Our First Renovation: The Entryway That Started It All

Our First Renovation: The Entryway That Started It All

How a crumbling entryway became the spark that launched Bones & Builds — and everything I learned along the way.

Every home has that one space that just defeated you every single time you walked past it.

For us, it was the entryway.

Cracked tile. A builder-grade light fixture that flickered if you looked at it wrong. A coat closet that was somehow both enormous and completely unusable. It was the first thing we saw when we came home and the last thing we saw before we left — and for two years, it whispered “you should have bought a newer house” every single day.

The Before

I wish I had taken better before photos.

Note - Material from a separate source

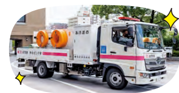
桃色ラインの「あけぼの」

The lighting was bad (see: flickering fixture), I was embarrassed, and honestly I just didn’t think anyone would care.

If I could go back and tell past-me one thing: take the ugly photos. Take all of them. The transformation means nothing without the before.

What I can tell you: the floor was a 12×12 beige ceramic tile — the kind that was in literally every spec home built between 1998 and 2012. The grout had been recolored (badly) by a previous owner. There was a half-wall that served no purpose and blocked the natural light from the sidelight windows flanking the front door.

The Plan (And The Budget)

We had $800. That sounds like a lot until you price tile.

Here’s how we spent it:

ItemCost
Cement board + thinset$65
12×24 matte white porcelain tile (Home Depot)$220
Grout + sealer$45
New light fixture (Amazon)$89
Paint (Sherwin-Williams Accessible Beige)$58
Removing the half-wall (just our labor + a demo day)$0
Hooks, mirror, small bench (thrifted + Amazon)$180
Total$657

We came in under budget, which basically never happens.

What I’d Do Differently

The tile layout. I went straight grid, no offset, because I was intimidated by layout math. An offset (brick pattern) would have looked more intentional and actually hidden the slight-out-of-square walls better.

Also: prime your walls before painting, especially if there’s any texture work or patching involved. I learned this the hard way after two extra coats.

The After

Walking in now feels like coming home to a house that was meant to be ours. The light bounces differently. The white tile makes the space feel twice as big. The bench actually gets used.

More importantly — this project taught me that I could do this. We could do this.

That’s really what Bones & Builds is about. Not perfect renovations. Not magazine spreads. Real houses, real budgets, and the confidence that grows with every project you finish.